UNESCO launches AI guidelines for courts and tribunals

UNESCO has launched new Guidelines for the Use of AI Systems in Courts and Tribunals to ensure AI strengthens rather than undermines human-led justice. The initiative arrives as courts worldwide face millions of pending cases and limited resources.

In Argentina, AI-assisted legal tools have increased case processing by nearly 300%, while automated transcription in Egypt is improving court efficiency.

Judicial systems are increasingly encountering AI-generated evidence, AI-assisted sentencing, and automated administrative processes.

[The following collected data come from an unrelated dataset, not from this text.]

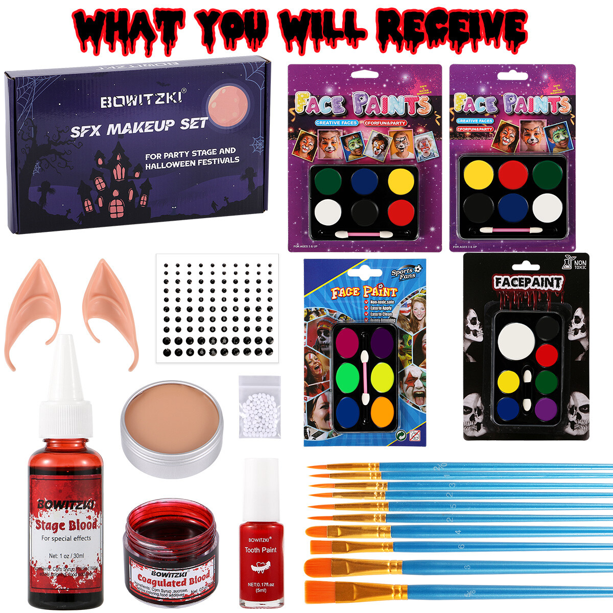 Pro Halloween Makeup Kit Fake Blood Red Tooth Paint Scar Wax Brushes Face Paint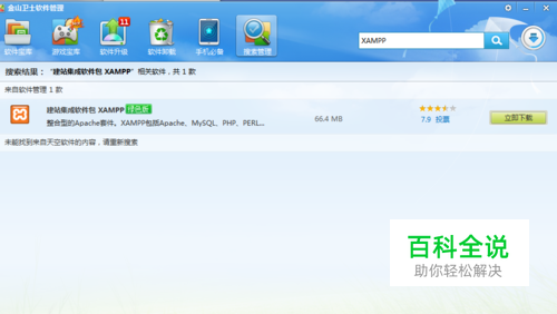 打开金山卫士或者360安全卫士的软件管理功能。 搜索:XMAPP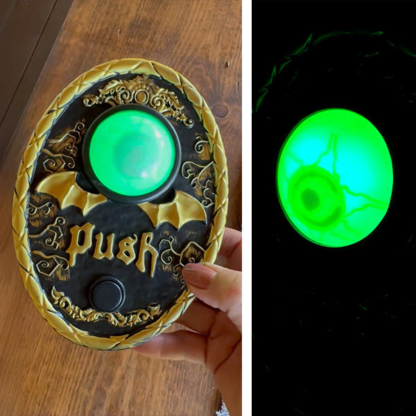 A Spooky Surprise: The button glows, and a creepy eyeball appears when pressed with a green eerie effect!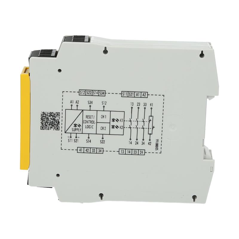 Wieland’ın R1.188.3580.0 – SNO 4083KM-A 1,5s DC 24V güvenlik rölesi, örneğin asansörlerde güvenlikle ilgili devrelerin izlenmesi için kullanılır ve brülörler. Temel modül, akım yollarını etkinleştiren üç açık kontağın yanı sıra bir yardımcı kontağa sahiptir ve tek bir kanal veya iki kanal üzerinden kontrol edilebilir. Üç yeşil LED’li, çapraz kablolu izleme, otomatik Sıfırlama ve senkronizasyon süresi izleme (1,5s) ile işlevsel bir ekran sunar. 24 V DC besleme gerilimine sahip R1.188.3580.0 – SNO 4083KM-A 1,5s DC 24V emniyet rölesi, geçmeli vidalı terminaller aracılığıyla bağlanır ve bir DIN35 rayına monte edilebilir.

AI misuse can have serious consequences, as seen in the UK High Court where false AI-generated arguments caused delays, extra costs, and fines.

UNESCO’s Guidelines aim to prevent such risks by emphasising human oversight, auditability, and ethical AI use.

The Guidelines outline 15 principles and provide recommendations for judicial organisations and individual judges throughout the AI lifecycle. They also serve as a benchmark for developing national and regional standards.

UNESCO’s Judges’ Initiative, which has trained over 36,000 judicial operators in 160 countries, played a key role in shaping and peer-reviewing the Guidelines.

The official launch will take place at the Athens Roundtable on AI and the Rule of Law in London on 4 December 2025. UNESCO aims for the standards to ensure responsible AI use, improve court efficiency, and uphold public trust in the judiciary.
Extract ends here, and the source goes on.